Due to the political upheavals during the reign of Napoleon I, and being an ally of Napoleon, Württemberg became a part of the Confederation of the Rhine, Duke Frederick II was made Elector in May 1803, he collected and received secularized and mediated dominions, which greatly enlarged his country in territorial extension.
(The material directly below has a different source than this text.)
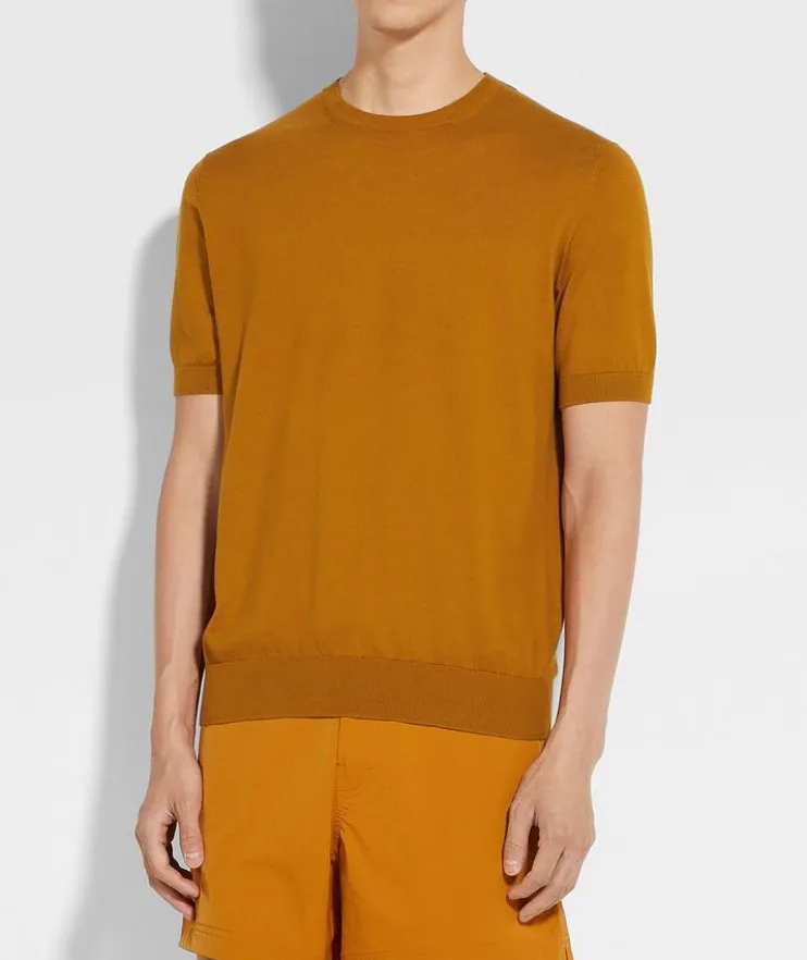 - Superior materials make all the difference in this short-sleeve t-shirt finely knit is luxuriously soft, resilient, and breathable cotton. This elevated essential is finished off with the classic ribbed trim.

In January 1806 he assumed the title of King of Württemberg.

In 1828 King William I adopted a new house law, the rights and obligations of the ruling family have been established, including the exclusive primogeniture in the male line as well as marriage restrictions on coequal level.

In 1867 the House created the Royal Dukedom of Urach for a younger cousin, Prince Wilhelm, 1st Duke of Urach, whose parents had married morganatically in 1800, whereby their sons were excluded from ruling the kingdom. In 1871 the Royal Dukedom of Teck was created for the same dynastic reason for Francis, Duke of Teck.

At the end of World War I during the German Revolution all the monarchies in Germany were abolished, King William II abdicated on 30 November 1918. When former King William II died in 1921 the senior branch line of the House of Württemberg became extinct, the headship of the House passed to a distant relative, Albrecht, Duke of Württemberg.

===Dynasty===

The line of succession of the house of Württemberg has continued to the present, although the house no longer plays any political role.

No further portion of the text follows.